Fortunately, we’re not starting from scratch, as pioneering organizations have been preparing for this shift for some time. The Davos Alzheimer’s Collaborative (DAC) is a key example. Their Health System Preparedness Project was designed to do exactly this — evaluate new approaches to cognitive screening to accelerate early detection. Through that work, including at our partner sites like IU Health, participating health systems are making strides in expanding and enhancing cognitive testing, with a focus on primary care settings.

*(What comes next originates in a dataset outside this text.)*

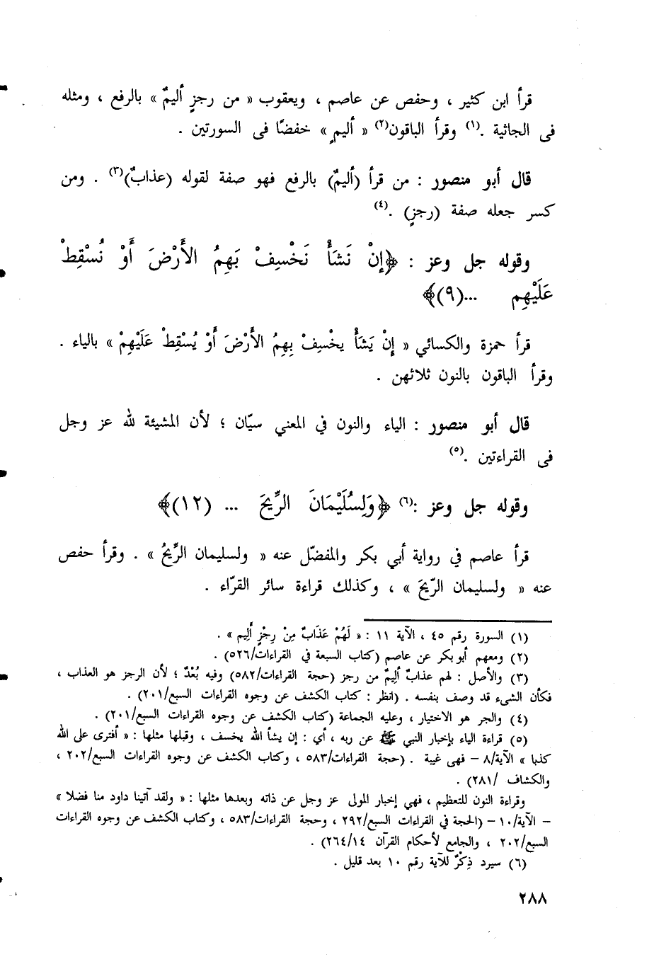 قال أبو منصور: مَنْ قَرَأَ (أَلِيمٌ) بالرفع فهو صفة لقوله (عذابٌ) .

DAC’s recently published framework for readiness is a good resource for anyone looking to learn from this work and jumpstart their own efforts.
Many different timelines exist showing the key milestones in the 100+ year fight against Alzheimer’s. Far too many people have experienced its impact during this time. Leqembi’s accelerated approval on January 6, 2023 could forever be a new notch on these timelines. The magnitude of this milestone and the turning point it later represents will rely not only on this single drug approval, but also on the swift, collaborative private-public action we take now to accelerate new standards of care in brain health.